Discernir si los jugadores rinden así de mal por estado anímico, por falta de interés o hambre o simplemente por calidad, es el duro trabajo de Zidane. Pero si algo tengo claro es que el fútbol es un estado de ánimo. Y el Madrid este año ha estado depresivo y los buenos momentos no son más que anomalías.

Conviene, en todo caso, pensar fríamente jugador por jugador. Evaluar su rendimiento actual, pasado y considerar su rendimiento futuro. Hay que calibrar si tienen capacidad para estar en el Real Madrid. O si la siguen teniendo. Hablamos de un club que genera un desgaste espectacular, no apto para cualquiera. Y hay que evaluar el coste-beneficio (salario vs rendimiento), la edad y el mercado que tienen.

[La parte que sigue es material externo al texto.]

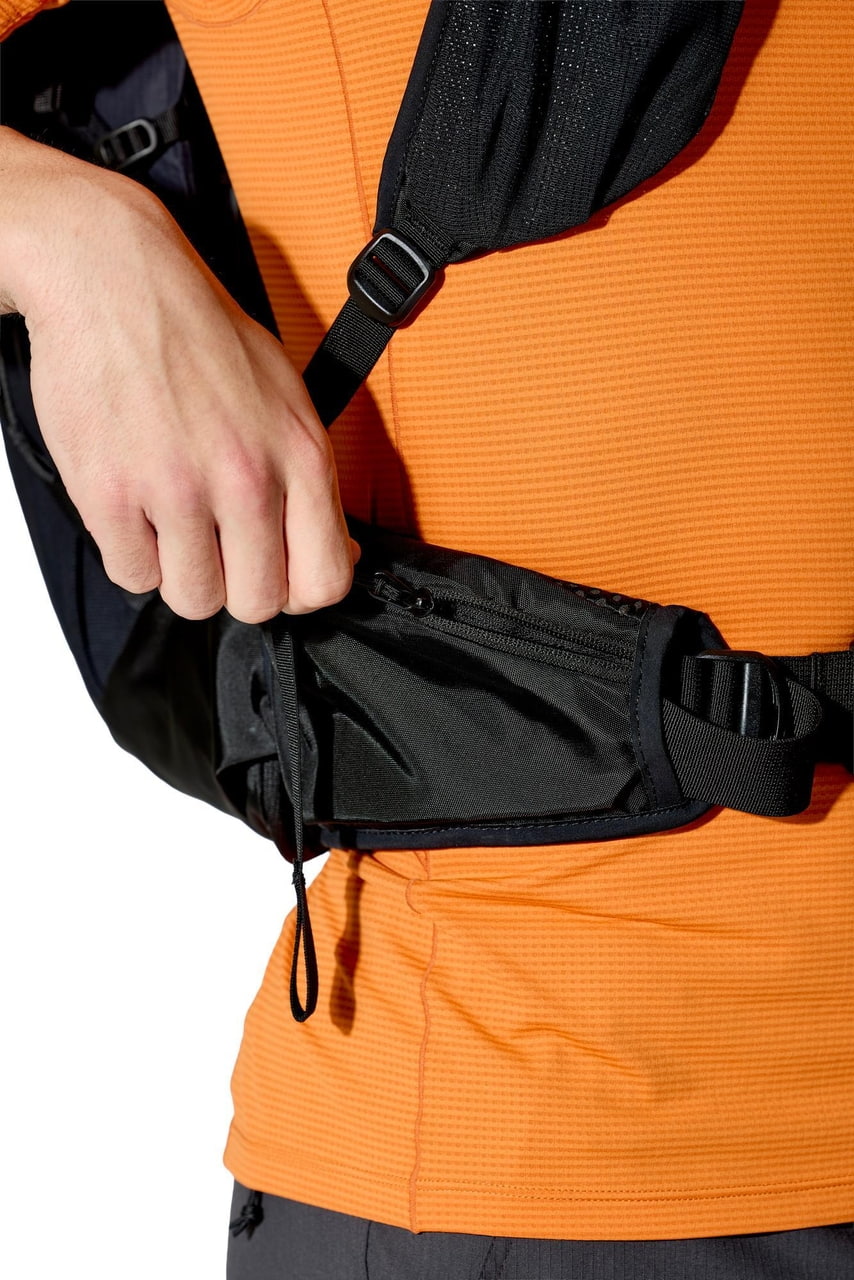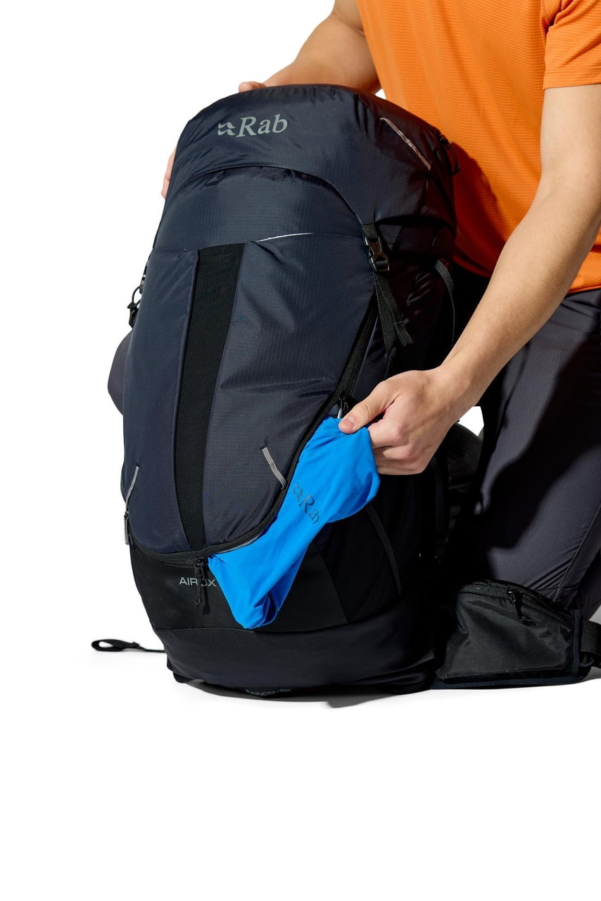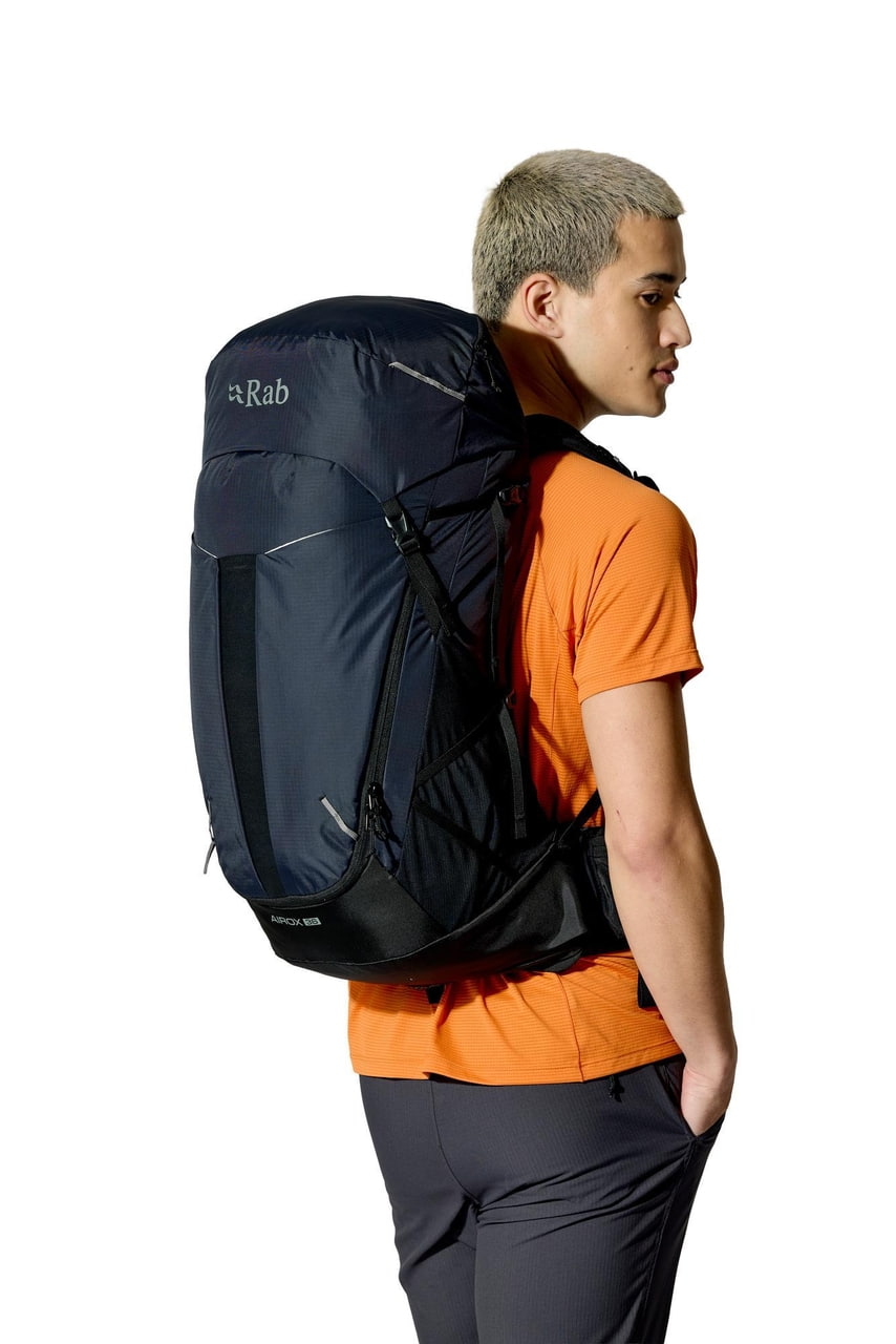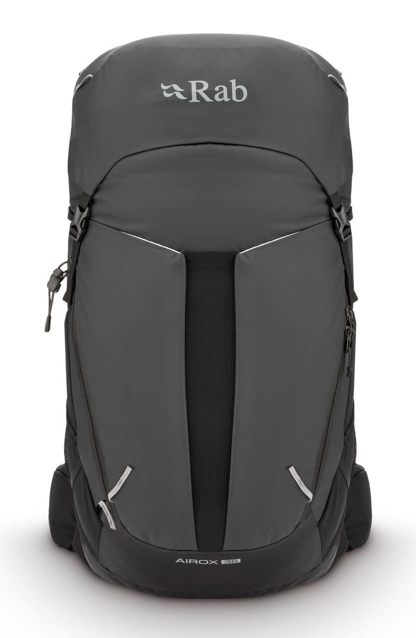 Rab Airox 36 je plně vybavený batoh pro delší výšlapy a hut to hut přechody. Víko s vnitřní a vnější kapsou, vstup do hlavního prostoru pomocí stahování šňůrkou a doplňkový U tvarovaný přední zip usnadňují organizaci i rychlý přístup k vybavení. Nechybí velké boční strečové kapsy, přední strečová kapsa na mapu nebo další vrstvu, uchycení trekových holí pomocí bungee systému, přihrádka pro 3l hydrovak s vývodem na hadičku ani integrovaná pláštěnka. Nastavitelná délka zad, bederní pás s forward pull dotahováním a horní i spodní boční kompresní popruhy pomáhají přizpůsobit batoh přesně na tělo i typ výbavy. Rab Airox 36 je ideální lehký turistický batoh pro horké dny v horách, když chceš spojit odvětrání, pohodlí a plně vybavený objem pro delší trasy.

Todo eso también es labor de Zidane. Esa y traer a jugadores que cubran las carencias del equipo; que no son pocas. Y no solo ofensivas. Defensivamente el Real Madrid lleva mucho tiempo concediendo demasiados goles.

Sirvan estos partidos como pretemporada y casting de Zidane, y esperemos que como mínimo como alivio de los aficionados. Aunque ahora mismo es más un martirio que otra cosa. Que se acabe ya esta temporada, por favor.